Fanhouse is a platform for creators that competes with OnlyFans as it lets users post photos and videos (SFW only) that can only be viewed by those who pay a monthly subscription. After criticizing App Store fees last year, Fanhouse is now raising subscription prices by 50% for iOS users as a way to cover Apple’s commission.
As reported by The Verge, the app’s cofounder Rosie Nguyen complained that Apple would ban the Fanhouse app from the App Store unless they adopted the company’s in-app purchases system, which gives Apple a 30% commission on all transactions
Fanhouse has opposed Apple’s 30% IAP tax for the last 6 months, and we’ve tried proposing solutions to them that wouldn’t affect creators. We asked them to take their 30% from our cut, they said no. We asked them to take flat fees based on our revenues, they said no.
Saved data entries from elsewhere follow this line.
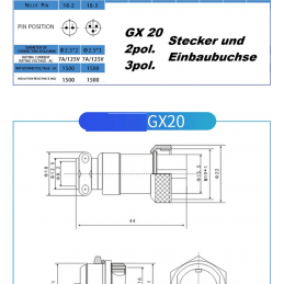 GX20-Steckverbinder Stecker (Männlein) und Buchse(Weiblein) 3 pol. als Set
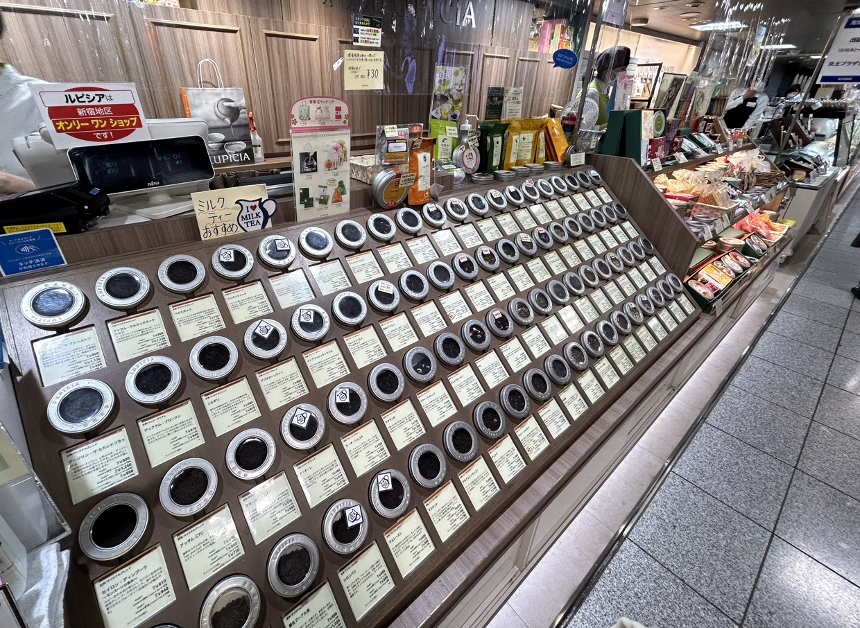 루피시아는 체인점인데 내가 방문한 곳은 신주쿠의 게이오 백화점 지하 1층 식품관 통로와 연결된 MB층에 위치해 있다. 지하철 지하상가 마냥 통로에 간이 매장처럼 자리하고 있지만 차의 종류는 꽤나 충실하게 갖추고 있었다.
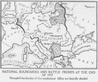 In the five months ending June 30, German submarines had accomplished the destruction of more than three and one-quarter million tons of Allied shipping. During three years Germany had seen practically all her offensives except Verdun crowned with success. Her battle lines were held on foreign soil and she had withstood every Allied attack since the Marne. The German general staff could now foresee the complete elimination of Russia, the possibility of defeating Italy before the end of the year and, finally, the campaign of 1918 against the French and British on the western front which might terminate the war.
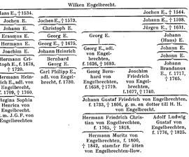 Engelbrecht, en av det svenska Pommerns större och mera betydande släkter, utgrenad i adliga ätterna von Engelbrecht och von Engelbrechten. Släkten härstammar från rådmannen i Greifswald 1489–1502 Wilken Engelbrecht. Med hans två söner, handlanden i Greifswald Hans E. (d. 1534) och rådmannen där 1503–44 Jochen E. (d. 1544) delade sig släkten i en äldre och en yngre huvudlinje. Hans E:s sonsons sonsons sonson protonotarien vid hovrätten i Greifswald, titulära hovrådet Hermann Christoph E. (f. 1678, d. 1720), var fader till vice presidenten i Wismarska tribunalet Hermann Heinrich E., som 1744 erhöll rikstyskt adelskap med namnet von Engelbrecht (se s. 564). Han slöt sin ätt på manssidan; hans ena dotter äktade sin avlägsne frände Johann Gustav Friedrich von Engelbrechten (se s. 562).
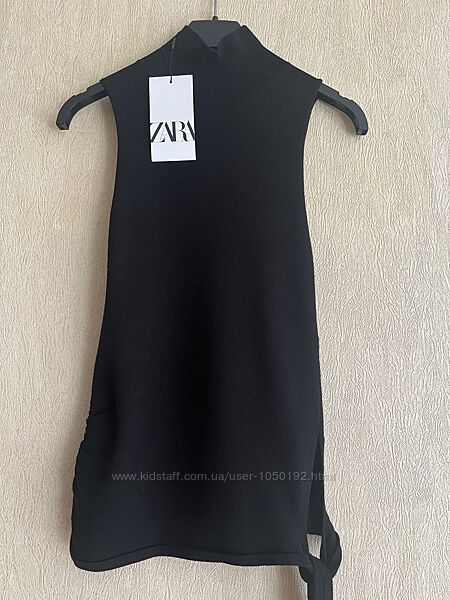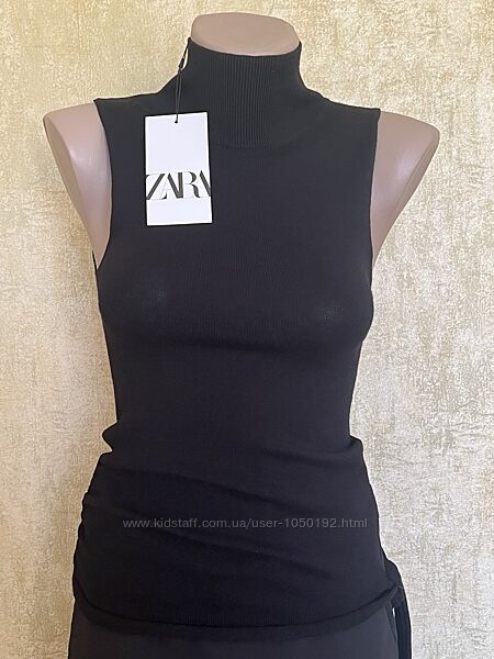 Топ без рукавів з високим коміром Zara. Розмір XS.Склад тканини: 70% віскоза, 30% поліестер. Дуже приємна на дотик. Гарно тягнеться.

I don’t think people realize how restrictive and oppressive Apple’s 30% IAP is. In the app, you’re not allowed to direct people anywhere outside of your app (even your own website). You’re not allowed to tell people they can pay somewhere else and that it would be cheaper.
When Fanhouse was released on the App Store, the app redirected users to pay for subscriptions via its own website – which goes against App Store guidelines. Apple demanded that the company update its app using the iOS in-app purchases system. As a result, Fanhouse has decided to make its platform more expensive for iPhone and iPad users.
Creators who offer content on Fanhouse receive 90% of the subscription revenue, while 10% goes to the app. To keep these numbers unchanged, Fanhouse in-app purchases on iOS will be 50% more expensive when compared to the prices when subscribing via the website. This seems to be more of an attempt to discourage users from paying for subscriptions using the iOS app.
On the platform’s website, users are urged not to buy tokens in-app, where they cost more than on the web. According to the site, 2,000 coins costs $30 on the app and $20 on the web. On Twitter, Nguyen wrote, “If the app wants you to enter payment information, don’t. It means ‘give Apple 30% of your money.’ Purchase coins on web, and you can freely use them in app after.”
While Fanhouse will have to comply with App Store rules, Judge Yvonne Rogers in the Epic Games case ruled last year that Apple could no longer forbid developers to redirect users to third-party payment systems. However, Apple is now appealing that ruling, which means that it will still take time before a final decision is made.